Сам Гёте долгие годы не решался оформить брак с Кристианой — отчасти потому, что не был уверен в долговременной прочности брачного союза. В его произведениях отсутствуют счастливые браки (исключение составляет лишь союз Геца и Элизабет, правда лишь скупо описанный). Судя по всему, автор «Избирательного сродства» не видел пути к разрешению главного противоречия, присущего институту брака.

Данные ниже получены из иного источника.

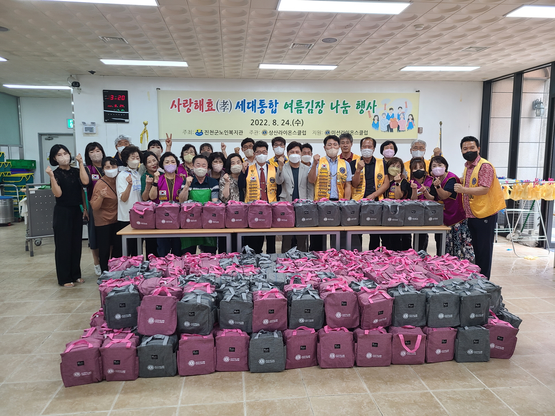 ±¹Á¦¶óÀ̿½ºÇùȸ 356-D(ÃæºÏ)Áö±¸ »ó»ê¶óÀ̿½ºÅ¬·´(ȸÀå ¹Ú¿ëÀÍ)Àº 24ÀÏ ÁøÃµ±º³ëÀκ¹Áö°ü °æ·Î½Ä´ç¿¡¼ '»ç¶ûÇØÈ¿(üø) ¼¼´ë ÅëÇÕ ¿©¸§ ±èÀå ³ª´® Çà»ç'¸¦ ½Ç½ÃÇß´Ù.À̳¯ ³ª´® Çà»ç¿¡´Â ÃæºÏÁö±¸ ÃÖ¿µ±¹ ÃÑÀç¿Í 9Áö¿ª ÁøÃµ »ó»ê¶óÀ̿½ºÅ¬·´°ú ¹Ì¼±¶óÀ̿½ºÅ¬·´(ȸÀå ±è¿µÀÚ) ȸ¿ø°ú ÁøÃµ±º Çб³ ¹Û û¼Ò³â Áö¿ø¼¾ÅÍ(¼¾ÅÍÀå ¹èÀÌÁ¤) û¼Ò³â, ³²¼º Ȧ¸ö ¾î¸£½Å µî 50¿© ¸íÀÌ Âü¿©Çß´Ù.Áö¿ª ºÀ»ç´ÜüÀÎ »ó»ê¶óÀ̿½ºÅ¬·´ ÁÖ°üÀ¸·Î ¸¶·ÃµÈ Çà»ç´Â Çб³ ¹Û û¼Ò³â°ú ³²¼º Ȧ¸ö ¾î¸£½Å, ¶óÀ̿½ºÅ¬·´ ȸ¿ø µî 1¡¤3¼¼´ë°¡ ÇÔ²² ¿©¸§ ±èÀå ±èÄ¡¿Í ¹Ø¹ÝÂù 300¸íºÐÀ» ¸¸µé¾î Àü´ÞÇϱâ À§ÇØ ¸¶·ÃµÆ´Ù.À̳¯ »ó»ê¶óÀ̿½ºÅ¬·´Àº ÁøÃµ±º³ëÀκ¹Áö°ü°ú ¾î¸£½ÅµéÀÇ °Ç°ÇÑ »ýȰ°ú Çູ ÁõÁøÀ» À§ÇØ ¼·Î Çù·ÂÇϱâ·Î ÇÏ´Â ¾÷¹«Çù¾àµµ ü°áÇß´Ù.¹Ú¿ëÀÍ È¸ÀåÀº "Áö¿ª °øµ¿Ã¼ Ȱ¼ºÈ¸¦ À§ÇØ È¸¿øµé°ú ÇÔ²² Ŭ·´ ¿¬·Ê Çà»ç·Î ¼¼´ë ÅëÇÕ ±èÀå ³ª´® Çà»ç¸¦ °®°Ô µÆ´Ù"¸ç "³ëÀκ¹Áö ÁõÁøÀ» À§ÇØ ´õ¿í ³ë·ÂÇϰڴÙ"°í ¸»Çß´Ù.

Как сообщает канцлер фон Мюллер, 7 апреля 1830 года Гёте в ходе их беседы сказал: «То, что культура отвоевала у природы, нам никак нельзя потерять; любой ценой нужно удержать это завоевание. Стало быть, и представление о святости брака — такое же культурное завоевание христианства, обладающее величайшей ценностью, хотя, в сущности, брак неестествен». Если вся жизнь — движение, если метаморфоза есть созидание и превращение, тогда любое постоянное установление неестественно. Тем не менее «культура» не должна отказываться ни от института брака, ни от подавления эротических страстей, также и для блага детей.
Сколько бы Шарлотта и Эдуард ни рассуждали о своей совместной жизни, о возникших трудностях, стараясь неизменно оставаться в рамках приличий, все же им не удается стать хозяевами положения. И только ли от силы влечения, проявляющейся в «Избирательном сродстве», это зависит? Конечно же, в романе особенно четко проступают «следы скорбной страстной необходимости», отчего те или иные события могут казаться порождением неотвратимого рока. И все же Шарлотта и Эдуард оказываются на удивление неспособными предвидеть все возможные последствия этих событий, как и по достоинству оценить предзнаменования. Шарлотта стремится ввести жизнь в колею, хотя сама тоже попадает в сети избирательного сродства. Когда она призывает себя к порядку и отказывается от своего чувства, она тем самым теряет какие-то черты своей личности, не ведая того, какую роль сыграет это отречение в дальнейшей ее супружеской жизни. А позднее, соглашаясь все же на развод, она поступает таким образом не собственных интересов ради, а из сострадания к Оттилии. В сущности, Шарлотта и Эдуард связаны весьма проблематическим браком; они беспомощны перед законом избирательного сродства, против которого, казалось бы, предостерегала их химия и который тем не менее ворвался в их жизнь. Как, однако, разрешить в данном «социальном контексте» разразившиеся конфликты и что нужно делать героям, чтобы без опасности для себя, продуктивно использовать элементарные силы избирательного сродства, отведя им должное место в своей личной жизни, как и в жизни общества? — на все эти вопросы роман ответа не дает. Ни поучительная речь Миттлера в защиту брака, ни фривольная беспечность графа, в обществе баронессы вкушающего свободную любовь, не могут считаться удовлетворительным ответом на поставленные вопросы. А уж самоубийственное покаяние Оттилии, обрекающей себя на смерть из-за того, что ранее сошла со своего пути, и вовсе не может служить образцом жизненного решения каких бы то ни было проблем.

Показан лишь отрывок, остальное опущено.